If this is for Objective-C, why not do something like:
use NSFileHandle:
NSString * path = #"/Users/pineapple/Desktop/finalproj/test242.txt";
NSFileHandle * fileHandle = [NSFileHandle fileHandleForReadingAtPath:path];
NSData * buffer = nil;
while ((buffer = [fileHandle readDataOfLength:1024])) {
//do something with the buffer
}
or use NSString:
NSString * fileContents = [NSString stringWithContentsOfFile:path encoding:NSUTF8StringEncoding error:nil];
or if you need to read it line-by-line:
How to read data from NSFileHandle line by line?
IMO, there's no need to drop down to the C-level fileIO functions unless you have a very very very good reason for doing so (ie, open a file using O_SHLOCK or something)
Your file is stored in UTF-16 (Unicode). The first character in your file is "L", which is code point 0x4C. The first 4 bytes of your file are FF FE 4C 00, which are a byte-order mark (BOM) and the letter L encoded in UTF-16 as two bytes.

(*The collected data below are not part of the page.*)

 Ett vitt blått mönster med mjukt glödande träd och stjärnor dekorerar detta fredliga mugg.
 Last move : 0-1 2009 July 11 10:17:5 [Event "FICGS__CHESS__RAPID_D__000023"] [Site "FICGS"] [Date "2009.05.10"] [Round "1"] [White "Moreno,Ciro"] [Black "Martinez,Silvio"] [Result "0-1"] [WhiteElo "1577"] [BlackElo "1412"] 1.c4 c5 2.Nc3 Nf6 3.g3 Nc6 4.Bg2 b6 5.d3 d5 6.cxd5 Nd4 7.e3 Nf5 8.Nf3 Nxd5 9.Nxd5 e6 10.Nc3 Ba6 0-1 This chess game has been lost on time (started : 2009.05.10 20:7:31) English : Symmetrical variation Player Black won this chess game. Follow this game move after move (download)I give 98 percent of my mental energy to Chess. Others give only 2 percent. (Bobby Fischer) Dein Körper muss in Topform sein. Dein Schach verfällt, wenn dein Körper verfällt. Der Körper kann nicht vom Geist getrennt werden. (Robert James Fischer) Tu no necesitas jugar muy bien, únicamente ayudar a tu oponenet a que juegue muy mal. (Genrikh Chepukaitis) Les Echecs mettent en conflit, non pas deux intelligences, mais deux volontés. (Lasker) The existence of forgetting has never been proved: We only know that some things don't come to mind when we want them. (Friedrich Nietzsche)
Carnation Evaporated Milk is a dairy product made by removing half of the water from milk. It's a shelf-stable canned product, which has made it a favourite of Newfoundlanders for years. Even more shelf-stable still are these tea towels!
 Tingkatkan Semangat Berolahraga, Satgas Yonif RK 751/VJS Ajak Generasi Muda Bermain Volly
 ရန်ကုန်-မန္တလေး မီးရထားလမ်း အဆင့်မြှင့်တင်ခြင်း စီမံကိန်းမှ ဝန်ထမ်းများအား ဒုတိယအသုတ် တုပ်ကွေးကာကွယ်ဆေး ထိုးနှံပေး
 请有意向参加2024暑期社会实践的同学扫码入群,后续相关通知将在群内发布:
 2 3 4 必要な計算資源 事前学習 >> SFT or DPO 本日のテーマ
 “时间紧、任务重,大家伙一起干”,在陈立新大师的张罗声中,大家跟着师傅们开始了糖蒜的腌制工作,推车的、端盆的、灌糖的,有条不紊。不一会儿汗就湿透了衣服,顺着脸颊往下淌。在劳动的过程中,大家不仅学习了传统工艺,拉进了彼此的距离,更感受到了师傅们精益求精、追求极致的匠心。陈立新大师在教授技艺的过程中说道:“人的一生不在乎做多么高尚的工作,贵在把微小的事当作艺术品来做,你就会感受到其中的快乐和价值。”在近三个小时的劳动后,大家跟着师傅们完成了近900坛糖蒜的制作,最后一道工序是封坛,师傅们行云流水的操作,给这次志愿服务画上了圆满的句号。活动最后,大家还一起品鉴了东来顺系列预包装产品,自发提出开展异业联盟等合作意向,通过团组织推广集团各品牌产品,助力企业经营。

fgets is not Unicode-aware, so it's looking for the newline character '\n', which is the byte 0x0A. Most likely this will happen on the first byte of a Unicode newline (the two bytes 0A 00), but it could also happen on plenty of other non-newline characters such as U+010A (LATIN CAPITAL LETTER A WITH DOT ABOVE) or anything in the Gurmukhi or Gujarati scripts (U+0A00 to U+0AFF).

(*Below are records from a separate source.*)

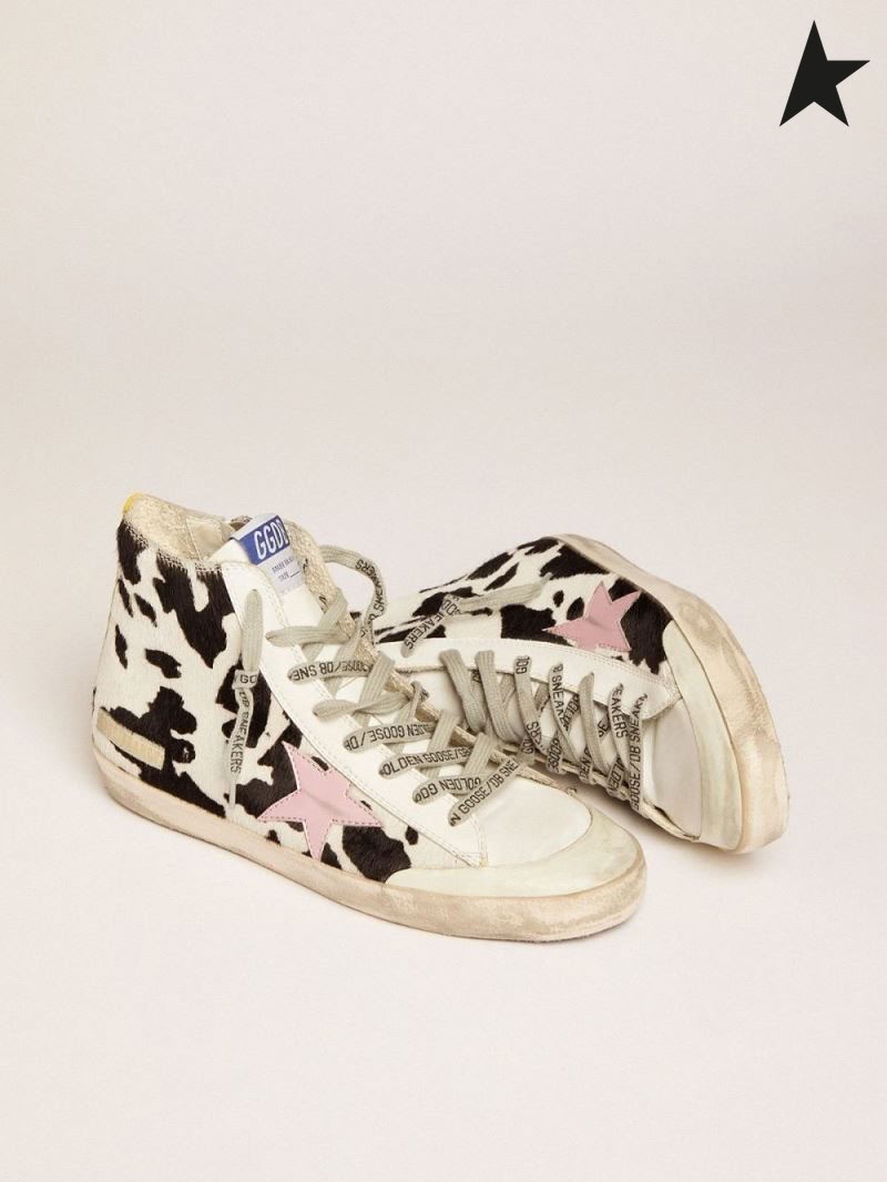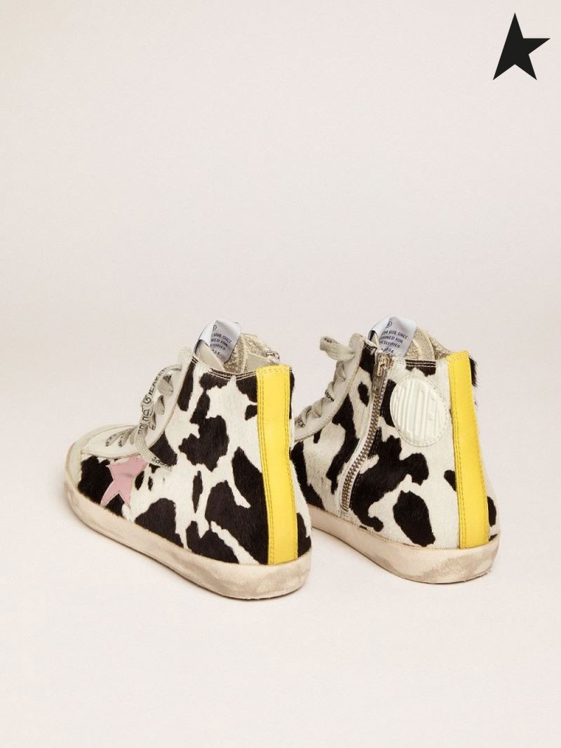 Zlatá Husa Francy Penstar tenisky v cow-print kůže poníka s růžovou-laminované usně star black white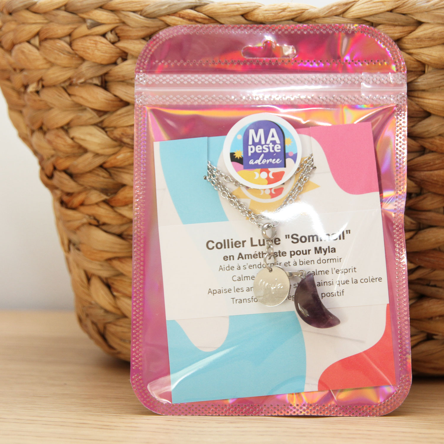 C’est un collier qui peut être discret, avec simplement un cordon suédine et le pendentif Lune en améthyste violette. Il peut également être plus original et coloré, avec un cordon en Liberty et des options supplémentaires (médaille, breloque, pompon) A vous de voir !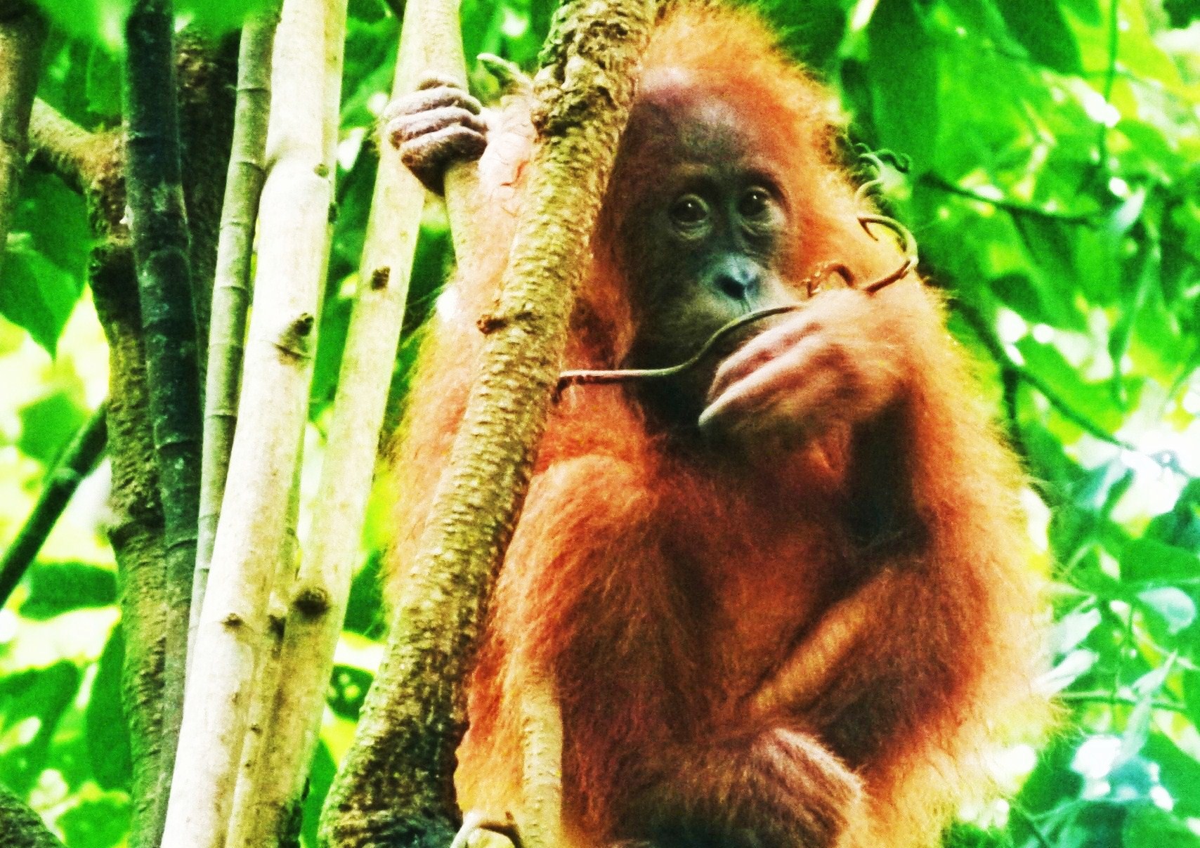 M : « C’est un orang-outan qu’on a vu dans la jungle à Bukit Lawang. Il y en a un qui venait prendre les morceaux de banane qui étaient accrochés sur un tronc d’arbre. »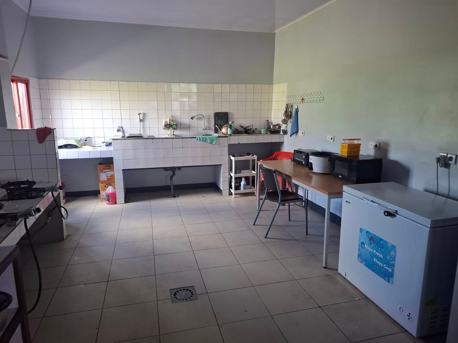 • ACHTER STAAT ER EEN EEN COMPLETE KEUKEN MET ALLES WAT ER NODIG IS.

In any case, though, the data that's ending up in the buffer wah has lots of embedded nulls and looks something like FF FE 4C 00 47 00 4F 00 4F 00 0A 00. NUL (0x00) is the C string terminator, so when you attempt to print this out using printf, it stops at the first null, and all you see is \377\376L. \377\376 is the octal representation of the bytes FF FE.

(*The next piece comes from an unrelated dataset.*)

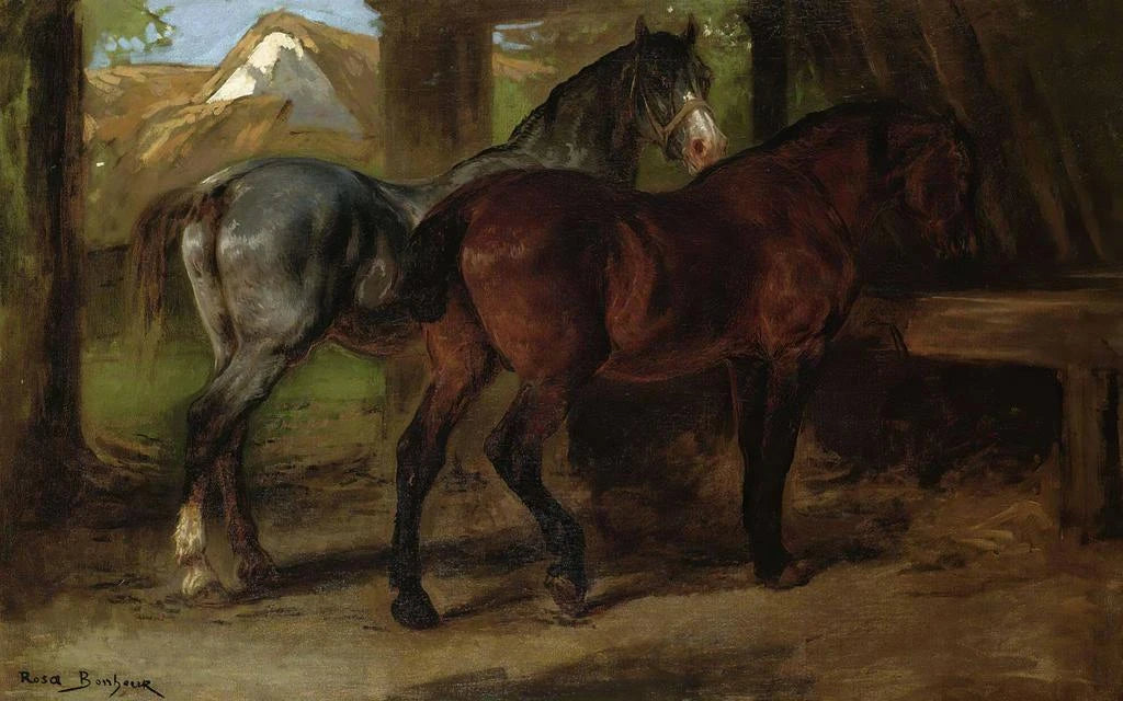 En la obra "Deux chevaux dans une écurie", Rosa Bonheur captura con una delicadeza notable la esencia misma de la vida animal. La composición, centrada en dos caballos majestuosos, evoca una atmósfera de serenidad y complicidad. Los colores cálidos y terrosos, asociados a toques de luz, dan vida a las texturas del pelaje y al entorno rústico de la ecurie. La técnica de Bonheur, que combina realismo y sensibilidad, permite sentir casi el calor que emanan los animales, creando así un vínculo emocional fuerte con el espectador.

The fix for this is to convert your text file to a single-byte encoding such as ISO 8859-1 or UTF-8. Note that must single-byte encodings (UTF-8 excepted) cannot encode the full range of Unicode characters, so if you need Unicode, I strongly recommend using UTF-8. Alternatively, you can convert your program to be Unicode-aware, but then you can no longer use a lot of standard library functions (such as fgets and printf), and you need to use wchar_t everywhere in place of char.
If you don't mind reading all of a file you can do something like this:
NSData* myData = [NSData dataWithContentsOfFile:myFileWithPath];
and then do whatever you'd like with the data from there. You will get nil if the file doesn't exist.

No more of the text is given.